REQUIREMENT:
In the entries below, begin at the line that has "Watercolor Vibrant Whitebackground", stop after the line that has "У станции есть", and output those lines exactly with no pictures.

MATERIAL FOR THIS TASK:
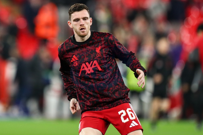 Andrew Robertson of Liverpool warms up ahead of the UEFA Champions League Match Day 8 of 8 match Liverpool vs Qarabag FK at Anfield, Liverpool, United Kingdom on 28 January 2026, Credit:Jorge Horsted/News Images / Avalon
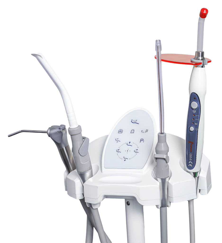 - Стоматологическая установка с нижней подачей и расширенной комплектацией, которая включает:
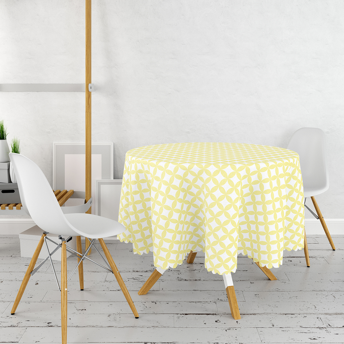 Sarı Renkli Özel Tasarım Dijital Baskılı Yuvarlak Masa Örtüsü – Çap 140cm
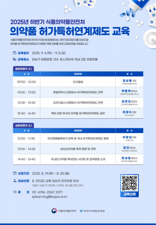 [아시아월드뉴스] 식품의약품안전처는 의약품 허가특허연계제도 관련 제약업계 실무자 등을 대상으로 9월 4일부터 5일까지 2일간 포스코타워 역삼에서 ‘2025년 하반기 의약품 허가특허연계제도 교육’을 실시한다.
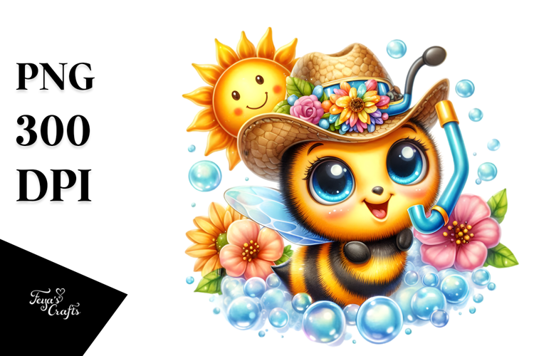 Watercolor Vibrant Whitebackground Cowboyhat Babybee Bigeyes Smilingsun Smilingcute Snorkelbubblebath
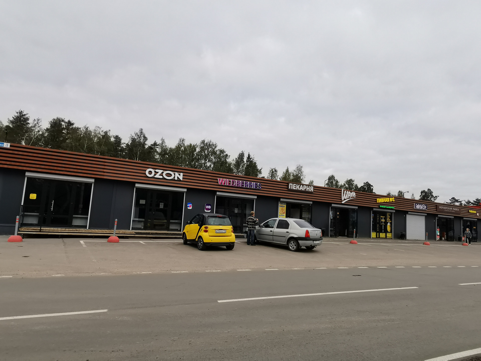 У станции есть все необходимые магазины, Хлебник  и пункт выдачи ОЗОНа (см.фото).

* * *

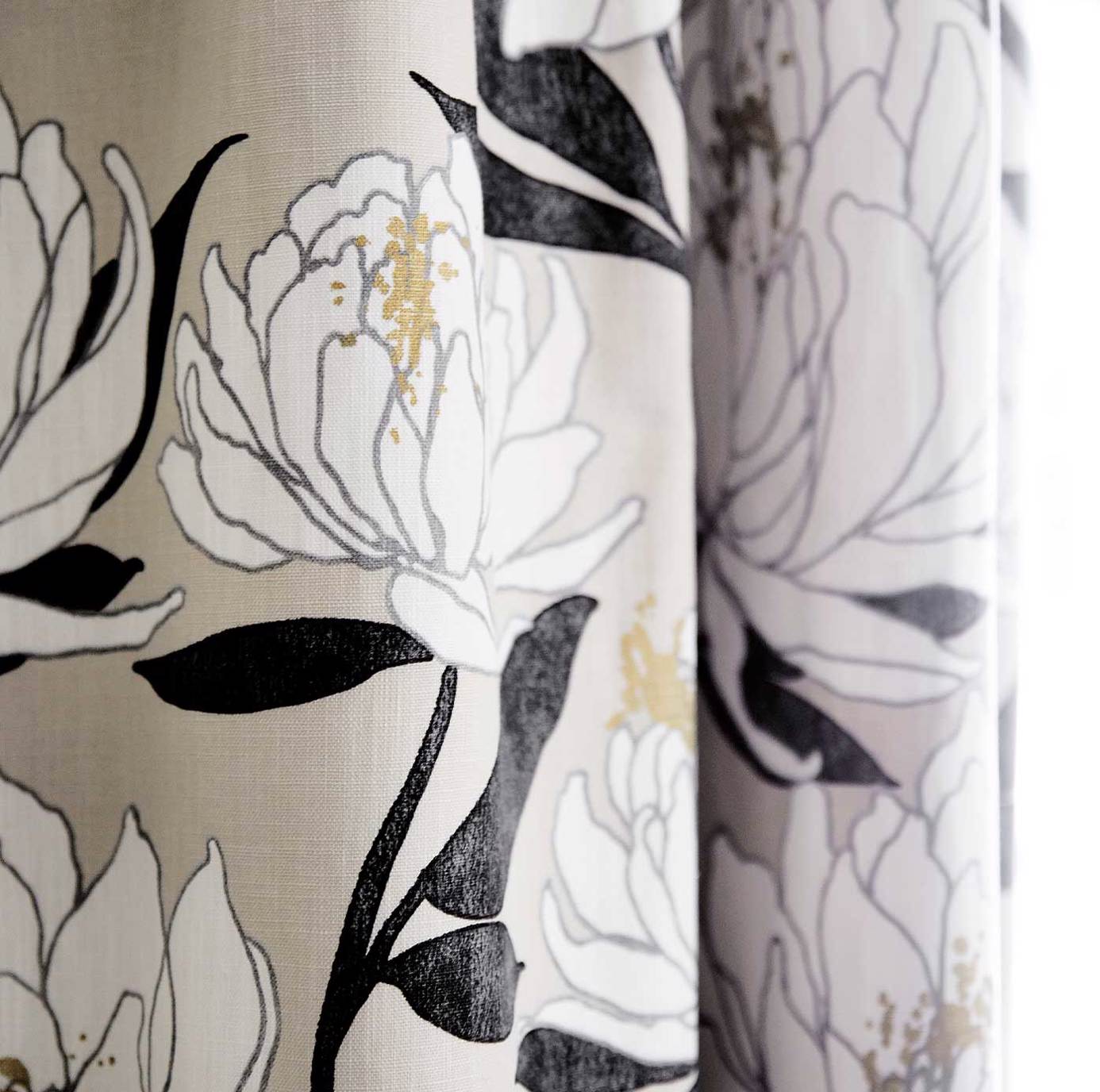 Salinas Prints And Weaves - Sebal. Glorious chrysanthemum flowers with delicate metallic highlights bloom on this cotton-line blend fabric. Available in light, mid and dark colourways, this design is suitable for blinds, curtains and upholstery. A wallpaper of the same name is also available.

SOLUTION TO THE PROBLEM:
 Watercolor Vibrant Whitebackground Cowboyhat Babybee Bigeyes Smilingsun Smilingcute Snorkelbubblebath
 У станции есть все необходимые магазины, Хлебник  и пункт выдачи ОЗОНа (см.фото).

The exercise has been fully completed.